Saturday, December 24, 2011

When we had our theft in October...and my laptop walked away, I didn't see anything else missing. This morning, while making a bed for Milo, my grandson, I looked for the handmade quilt, just his size. I can't find it anywhere. I looked in all the usual places, then unusual places. It's gone, like my laptop. Now I'm imagining the thief wrapping my laptop with o so many hours of hard poetry work with the only quilt I've made for myself, hours of hand stitching all walking away from the house to become...a dog bed, a gift for a girlfriend, a disguise on the street...

The pattern is called 'birds in flight'. Fitting, don't you think?

I topstitch my quilts by hand. I know, I know, all those fancy sewing machines can stitch on quilts now. I see them all the time. They're cheating. The pleasure of quilting is quilting, holding the quilt on your lap and making each stitch by hand, thimble on your middle finger to push through the layers and pricking your fingers under the quilt to know you're all the way through. I've ended up with scarred fingers on my left hand after a long quilt making.

All my children have quilts I've made. I wanted one for myself. It's so many hours...

I have a partially made quilt waiting for me. Guess I'll get it out and begin again.

Sometime, visit a quilt show with quilts from long ago. Marvel at the hours and miles of thread. In the day, women quilted 12 stitches-10 stitches to the inch. A lot of stitches. And many spools of thread. Quilts were made at 'bees'. Quilts were made alone. Women would make a quilt with clothes from someone who died. To mourn. To remember.

5 comments:

Rubye Jack said...

I'm sure the person who took it had no idea what they were taking because if they did, I would like to think they wouldn't have had the audacity to steal it.

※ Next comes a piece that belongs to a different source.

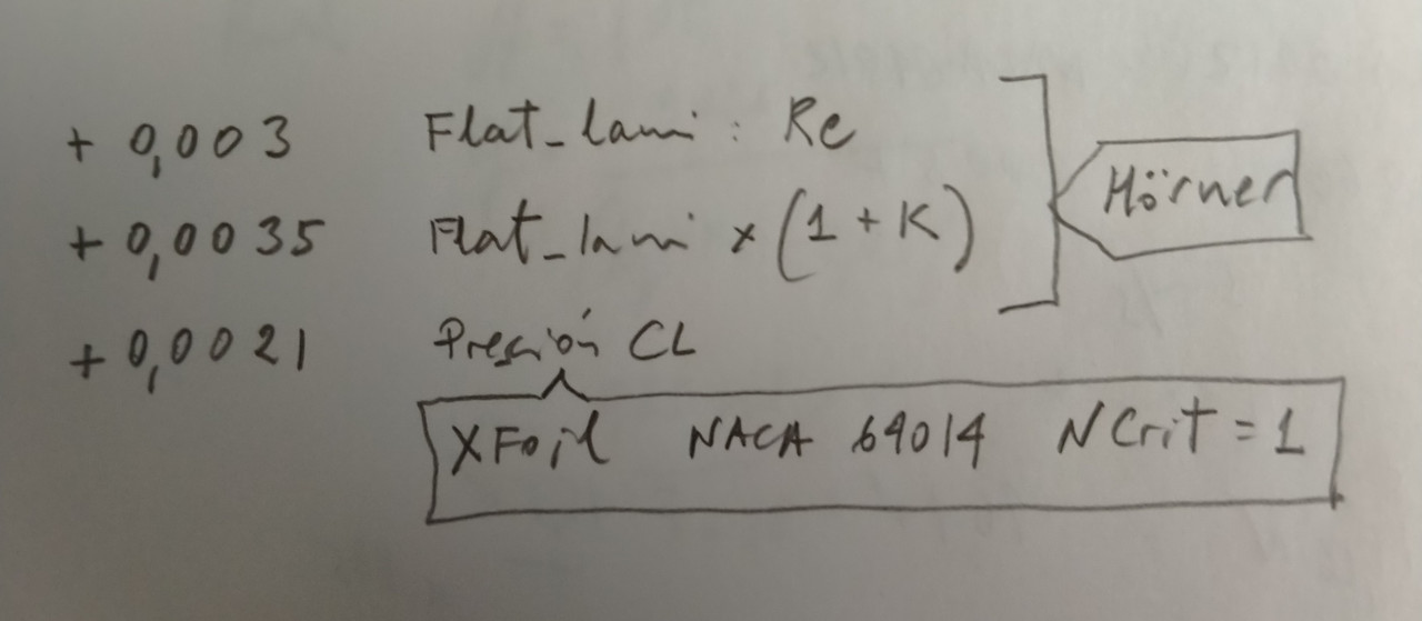 ![]() Coeficiente de Arrastre del Perfil por Viscosidad, según ORC_VPP_2021 Estos tíos echan mano del magnífico ladrillazo del señor Hörner, es decir tecnología alemana de la segunda guerra mundial Y reconstruyen el Coeficiente de Arrastre así + Una Placa Plana con Flujo Laminar que tenga el mismo Número de Reynolds que la Orza/Pala + Turbulencia y Grosor del Perfil + Y luego le suman las diferencias de Presion entre el borde de ataque y el borde de salida lo sacan del programa XFoil del profesor Drela con un perfil NACA 64014 (que se ve que es el que llevan los señores de las regatas) y "NCrit = 1" . Editado por U25pies en 26-04-2023 a las 11:20. |

It's sad this happened.

I'd never heard of making a quilt to mourn. That sounds like a very good way to grieve.

beth coyote said...

Turning grief into something useful.

Radish King said...

When my brother came back he gave me my grandmother's quilt. She was 90 when she made it and at one point put the needle through her eyelid. I never met her she died in childbirth giving birth to my mother. The quilt is a Texas Star pattern and it's an antique but I sleep with it anyway. I'm so sorry your son's quilt went missing. I hope it's being loved somewhere.
Merry Christmas my dear Beth.
love,
Rebecca

Jaye Ramsey Sutter said...

My mother's mother made quilts. She made me one when I was born--yellow with dogs on it. The dogs were all different, from different material. I love it very, very much and it is my best gift from her. She tried to teach me to crochet but I couldn't. She made the best fried chicken, pecan pie, iced tea and the strongest coffee in the world. She gave birth to my mother at home with a midwife in 1937--I always thought on the kitchen table--but that couldn't have been true?! My mother didn't have a birth certificate because that costs money. The doctor came by weeks after her birth and signed one but took that original to be filed with the state. She finally got one when she started school.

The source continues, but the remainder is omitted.